SmarterJSON: one parser, no modes — want strict? Please use the stdlib json gem.

Why SmarterJSON?

Most JSON parsers reject anything that isn't perfectly strict JSON. SmarterJSON is built on the opposite principle: you shouldn't have to care what flavor of JSON you were handed and you shouldn't lose the whole document because of formatting errors. Give it strict JSON, JSON5, an HJSON-style config file, newline-delimited JSON, or a copy-pasted blob with comments and trailing commas — it just parses it. When it is lenient, smarter_json isn't dropping data that exists — it's just not raising an eyebrow at a suspicious gap (like an extra comma). A strict parser would refuse the whole document and recover nothing; smarter_json returns everything except the formatting error.

For an ingestion tool, "reject the whole document because of one stray comma" is the worst outcome: you throw away the 99% that's fine to avoid maybe-mishandling a gap that carries no data anyway.

Three things set it apart:

  1. One parser, no modes, no flags. There is no dialect: option and no "strict mode" — SmarterJSON.process(input) accepts the whole superset, and strict JSON is simply the narrowest case. You don't configure the parser to match your input; it adapts to whatever you give it.

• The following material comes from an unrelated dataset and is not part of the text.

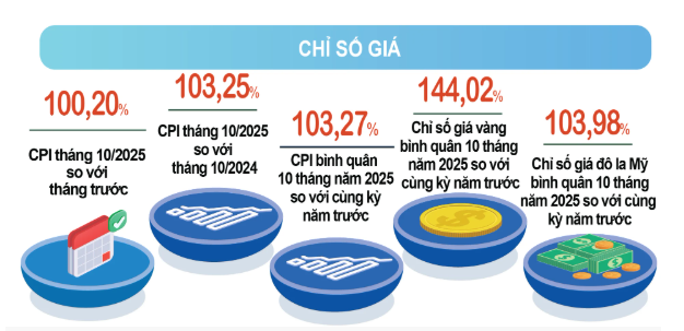 CPI tháng 10/2025 tăng 0,20% so với tháng trước; tăng 2,82% so với tháng 12/2024; tăng 3,25% so với cùng kỳ năm trước. Bình quân mười tháng năm 2025, CPI tăng 3,27% so với cùng kỳ năm trước; lạm phát cơ bản tăng 3,20%.

  2. It parses multi-document input automatically — a distinguishing feature. SmarterJSON.process handles NDJSON / JSONL / concatenated JSON with no block and no special method: one document returns its value, several documents return an Array, empty input returns nil. The same rule applies when wrapper noise is stripped and several payloads are recovered from one blob. Only SmarterJSON parses multi-document input via plain process — Oj and the stdlib json library raise without a block. Pass a block to iterate the recovered documents one at a time.

  3. It's fast. A C extension (with a pure-Ruby fallback that runs everywhere) puts it ahead of Oj on nearly every file we benchmark, and competitive with the stdlib json C parser — the fastest general-purpose Ruby JSON parser.

What it accepts, beyond strict JSON

  • //, /* … */, and # comments (a #/// only starts a comment when preceded by whitespace, so url: http://x.com parses as a string, not a truncated value)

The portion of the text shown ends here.